### What the task requires
Leaving pictures aside, set down each line exactly, from the first line of the data to the line with "This exquisite piece", both included.

### Data section
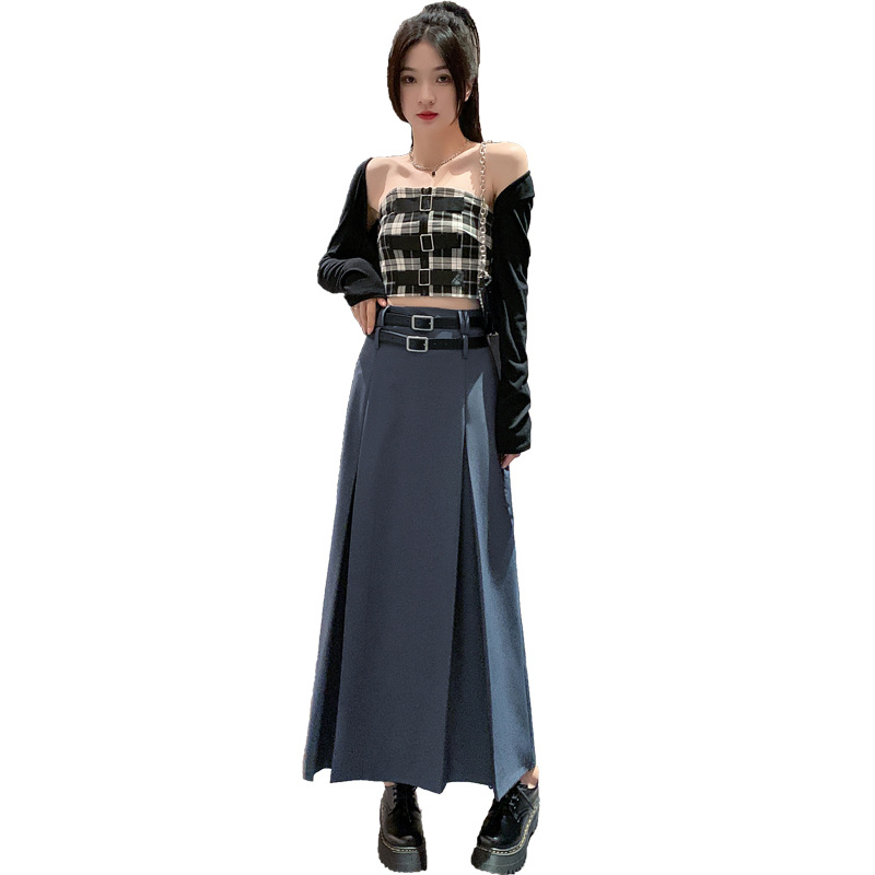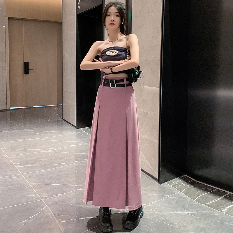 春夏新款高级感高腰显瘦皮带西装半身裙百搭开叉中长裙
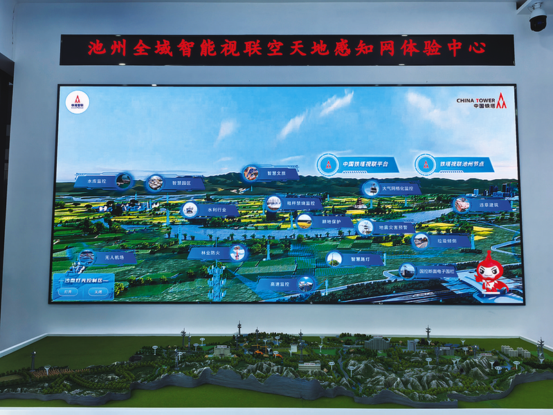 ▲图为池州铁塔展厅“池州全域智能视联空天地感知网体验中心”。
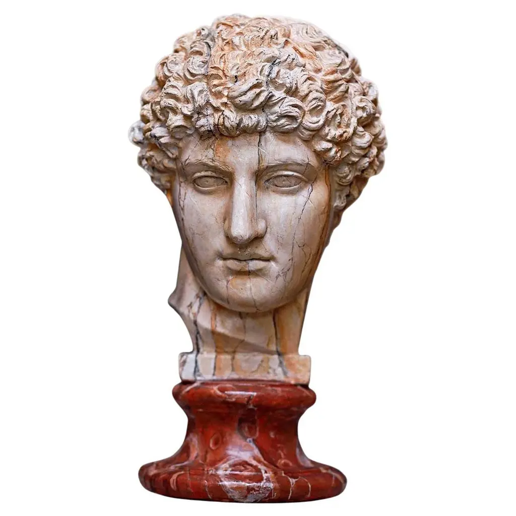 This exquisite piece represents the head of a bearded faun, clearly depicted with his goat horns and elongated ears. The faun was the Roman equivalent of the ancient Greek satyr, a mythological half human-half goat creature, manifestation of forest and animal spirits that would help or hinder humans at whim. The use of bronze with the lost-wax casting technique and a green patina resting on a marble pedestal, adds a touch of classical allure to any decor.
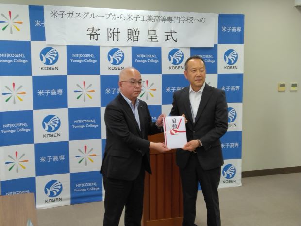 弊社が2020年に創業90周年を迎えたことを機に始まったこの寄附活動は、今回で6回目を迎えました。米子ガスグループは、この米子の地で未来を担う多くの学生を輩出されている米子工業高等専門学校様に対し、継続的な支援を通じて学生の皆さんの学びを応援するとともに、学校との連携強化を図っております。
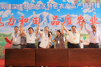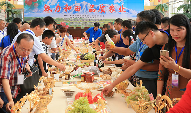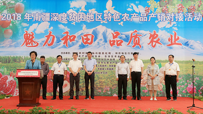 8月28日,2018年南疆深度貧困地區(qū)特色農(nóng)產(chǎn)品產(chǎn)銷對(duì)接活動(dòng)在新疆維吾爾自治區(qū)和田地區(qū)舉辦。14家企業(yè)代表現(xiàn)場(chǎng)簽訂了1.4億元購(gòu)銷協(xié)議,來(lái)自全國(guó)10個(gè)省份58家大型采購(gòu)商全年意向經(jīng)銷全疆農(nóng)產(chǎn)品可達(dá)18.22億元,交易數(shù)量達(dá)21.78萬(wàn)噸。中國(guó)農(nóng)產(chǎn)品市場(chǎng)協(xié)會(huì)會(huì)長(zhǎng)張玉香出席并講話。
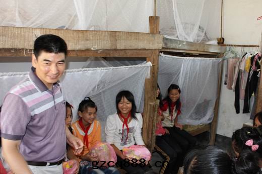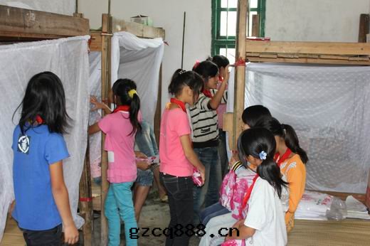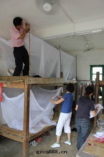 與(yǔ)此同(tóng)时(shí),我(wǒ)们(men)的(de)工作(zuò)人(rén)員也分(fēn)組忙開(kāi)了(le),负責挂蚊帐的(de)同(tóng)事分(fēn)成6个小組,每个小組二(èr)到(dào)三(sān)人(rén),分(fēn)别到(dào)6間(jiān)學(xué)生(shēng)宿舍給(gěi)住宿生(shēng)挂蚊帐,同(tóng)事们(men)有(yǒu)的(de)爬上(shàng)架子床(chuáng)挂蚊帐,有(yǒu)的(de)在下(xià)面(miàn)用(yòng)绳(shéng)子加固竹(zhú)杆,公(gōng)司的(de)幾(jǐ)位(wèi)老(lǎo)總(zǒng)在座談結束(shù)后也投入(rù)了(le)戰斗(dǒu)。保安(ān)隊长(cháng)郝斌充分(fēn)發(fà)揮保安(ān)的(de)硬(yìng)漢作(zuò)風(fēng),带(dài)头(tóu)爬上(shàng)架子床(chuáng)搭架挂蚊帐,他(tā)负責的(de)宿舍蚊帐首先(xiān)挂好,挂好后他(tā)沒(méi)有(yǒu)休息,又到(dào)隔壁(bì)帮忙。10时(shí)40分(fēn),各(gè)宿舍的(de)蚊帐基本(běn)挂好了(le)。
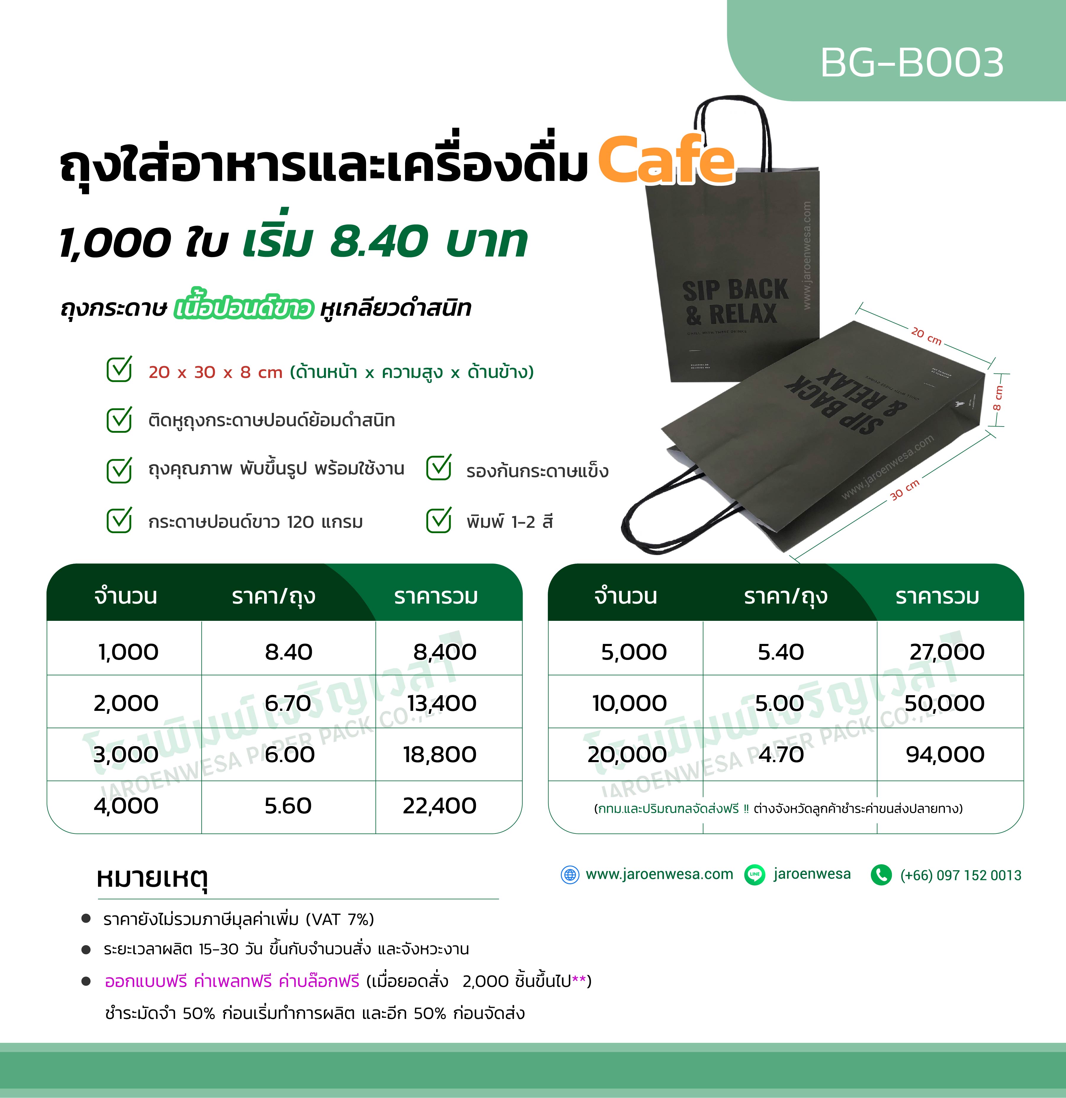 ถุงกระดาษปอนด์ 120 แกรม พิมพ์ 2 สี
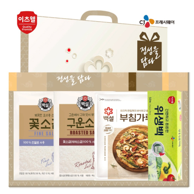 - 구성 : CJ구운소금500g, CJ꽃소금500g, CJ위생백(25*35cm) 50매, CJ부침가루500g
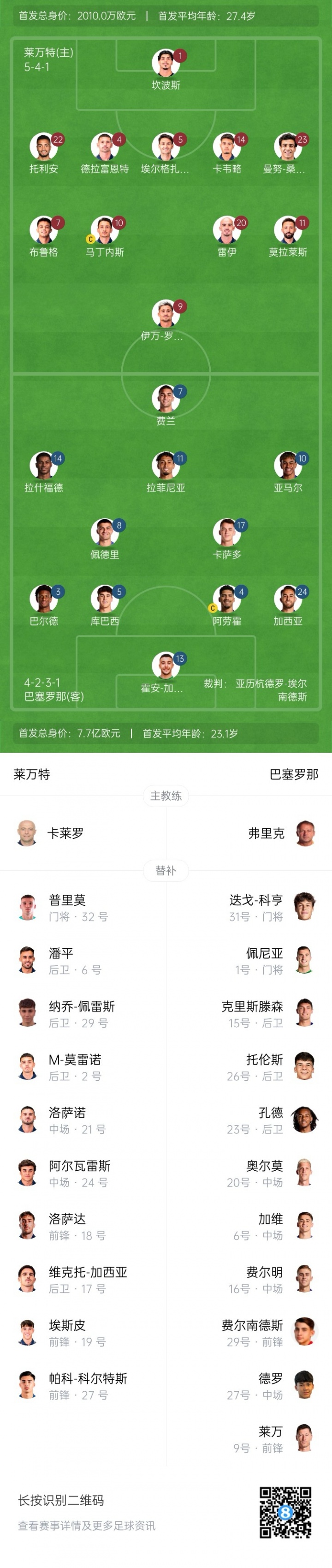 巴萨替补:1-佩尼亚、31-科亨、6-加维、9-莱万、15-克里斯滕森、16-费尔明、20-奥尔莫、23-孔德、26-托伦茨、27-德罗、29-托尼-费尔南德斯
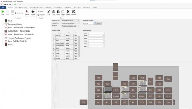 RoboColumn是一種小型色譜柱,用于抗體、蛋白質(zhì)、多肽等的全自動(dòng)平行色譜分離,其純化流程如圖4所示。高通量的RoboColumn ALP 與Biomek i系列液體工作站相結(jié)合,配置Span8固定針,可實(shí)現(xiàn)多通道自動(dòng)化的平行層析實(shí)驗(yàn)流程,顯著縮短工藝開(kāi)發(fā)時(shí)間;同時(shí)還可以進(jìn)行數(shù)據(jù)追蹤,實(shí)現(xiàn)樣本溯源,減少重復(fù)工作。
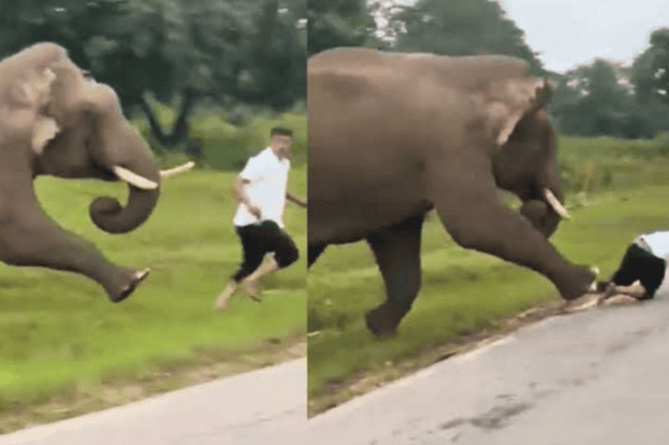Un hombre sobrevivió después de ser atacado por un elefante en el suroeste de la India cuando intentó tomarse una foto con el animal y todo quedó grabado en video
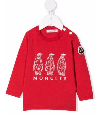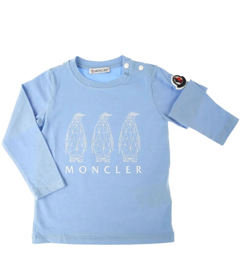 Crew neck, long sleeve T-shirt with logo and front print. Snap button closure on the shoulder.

### Response below
 春夏新款高级感高腰显瘦皮带西装半身裙百搭开叉中长裙
 ▲图为池州铁塔展厅“池州全域智能视联空天地感知网体验中心”。
 This exquisite piece represents the head of a bearded faun, clearly depicted with his goat horns and elongated ears. The faun was the Roman equivalent of the ancient Greek satyr, a mythological half human-half goat creature, manifestation of forest and animal spirits that would help or hinder humans at whim. The use of bronze with the lost-wax casting technique and a green patina resting on a marble pedestal, adds a touch of classical allure to any decor.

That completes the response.